Director of Silver Hill Academy for Research and Education
Our diagnostic systems enable us to communicate important clinical information and to design evidence-based treatments. However, these powerful words can also have unintentional consequences – an individual can mistake themselves for their diagnosis and lose contact with their own individual humanity. This phenomena can be seen across diagnoses.

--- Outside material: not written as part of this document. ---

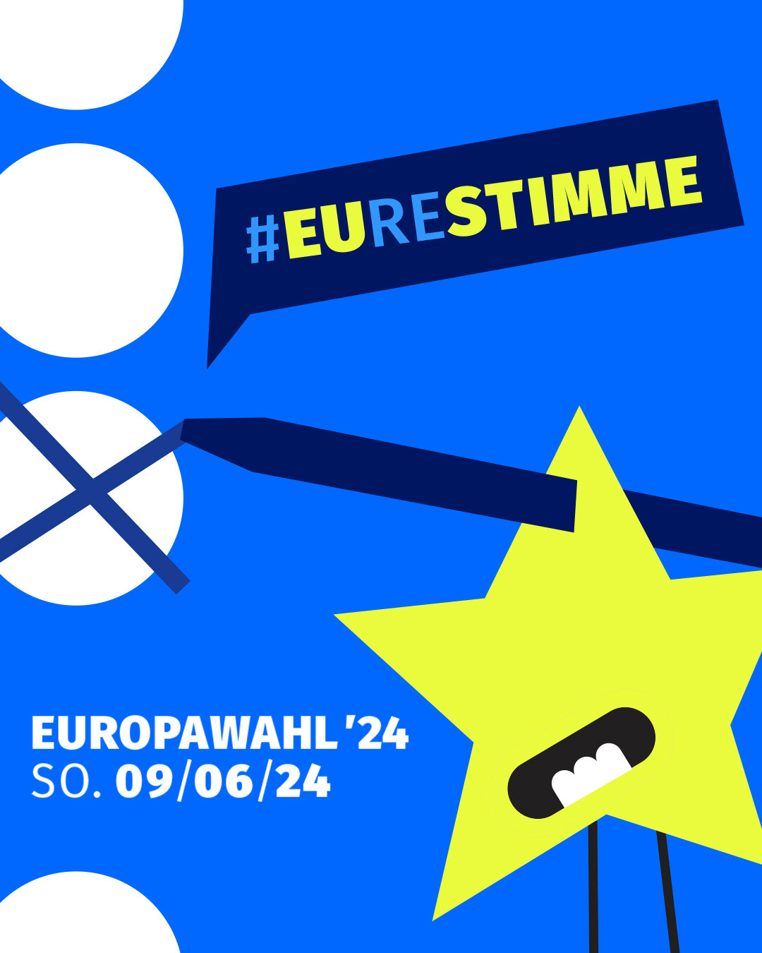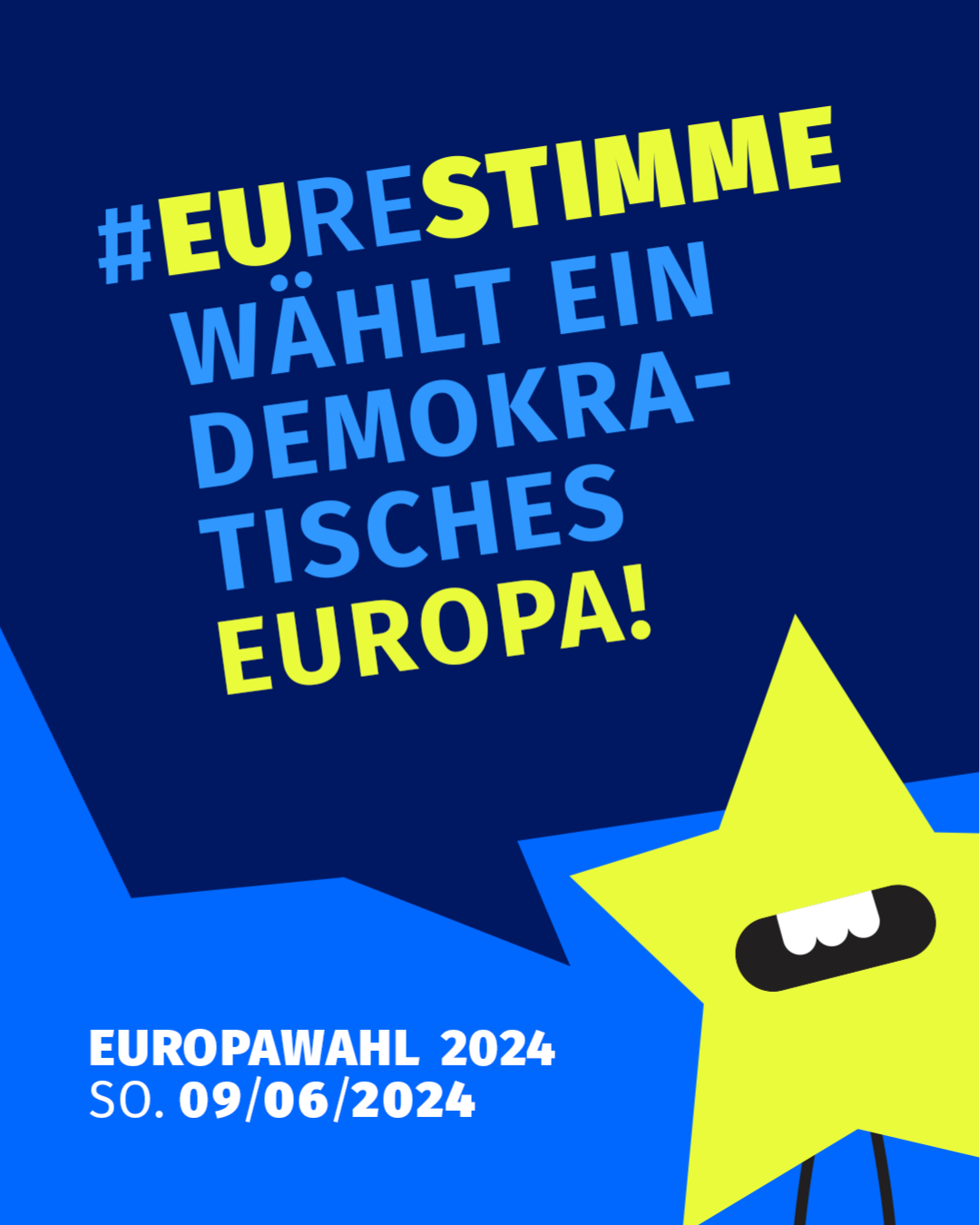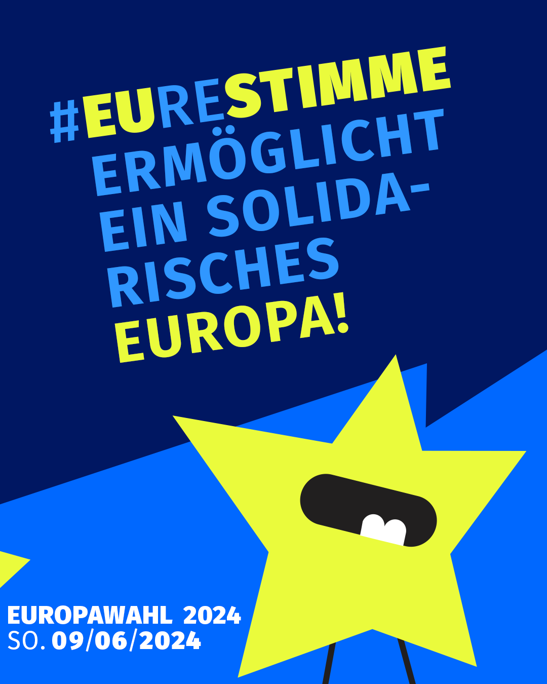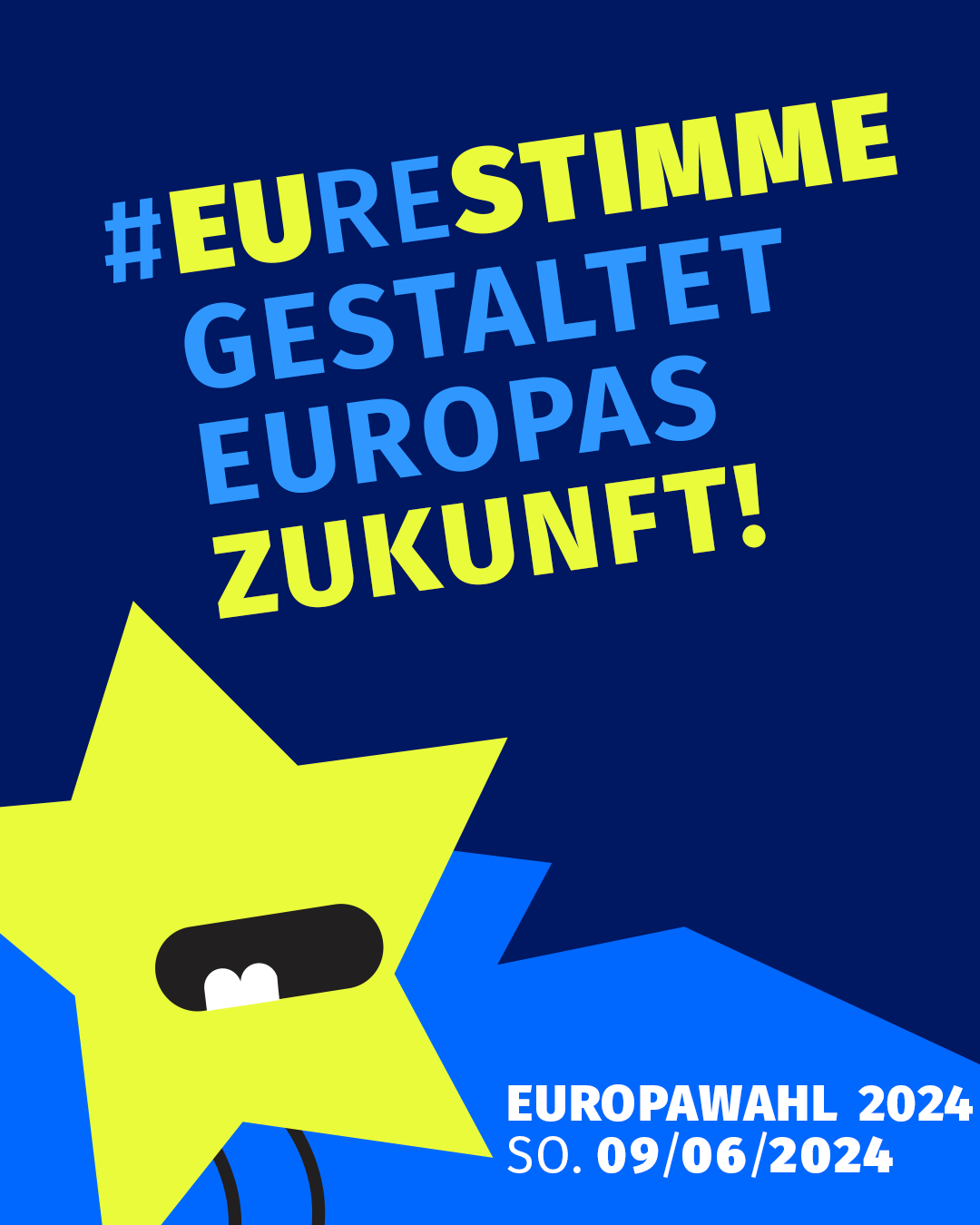 Die Kampagne des Bundesjugendrings nahm diese Errungenschaft auf und zeigt worauf es ankommt: auf Euch. Eure Stimme stärkt, schafft, gestaltet, ermöglicht und wählt Europa. Auf den Kampagnenelementen rufen die von individuellen Sterne ihre Botschaft. Sie machen Spaß, sind auf das Wesentliche reduziert und setzen das Wortspiel grafisch um. Es geht um euch und die EU! Ihr seid individuelle Charaktere und EUre Stimme formt die EU 🇪🇺

This presentation will highlight the potential unintended consequence of the diagnosis of bipolar affective disorder. In this particular situation, a brilliantly creative author suffered with psychotic experiences and mood swings with multiple symptoms of bipolar affective disorder requiring inpatient stabilization, multiple medication trials including ECT, and ongoing psychoeducation regarding her diagnosis. As she had periods of stabilization, she was quite concerned with any experience of feelings, as they represented to her a potential return of a mood swing, leaving her terrified of her own emotional world. As a result, she could no longer create and lost a once important experience of her own spirituality. Through a careful psychotherapy focused on affect tolerance and naming, the integration of routine mundane rituals, and an inquiry and investigation of her experience of spirituality, she began to feel enlivened – quite different than her experiences of mania. As a result, she has been able to publish a book of poetry, now writing a novella, and to embrace a meaningful life in which she is leading writing retreats and workshops, feeling as she states that has built "a house for her grief" and "a house for her joy.". This focus on the critically important human capacities she has long cherished has returned for her a sense of meaning in her own life, a care for others, and a separation of who she is from the psychiatric condition that she knows she must always consider and take care of. This presentation will integrate a sensitivity to spiritual beliefs and experiences, the core common factors of psychotherapy, the role of creativity, the importance of exercise and embracing the ordinary alongside the extraordinary in our lives to regain a sense of being human. It will also touch on other programs utilizing the arts, particularly improvisational theater, in the care and treatment of patients with severe and chronic mental illness.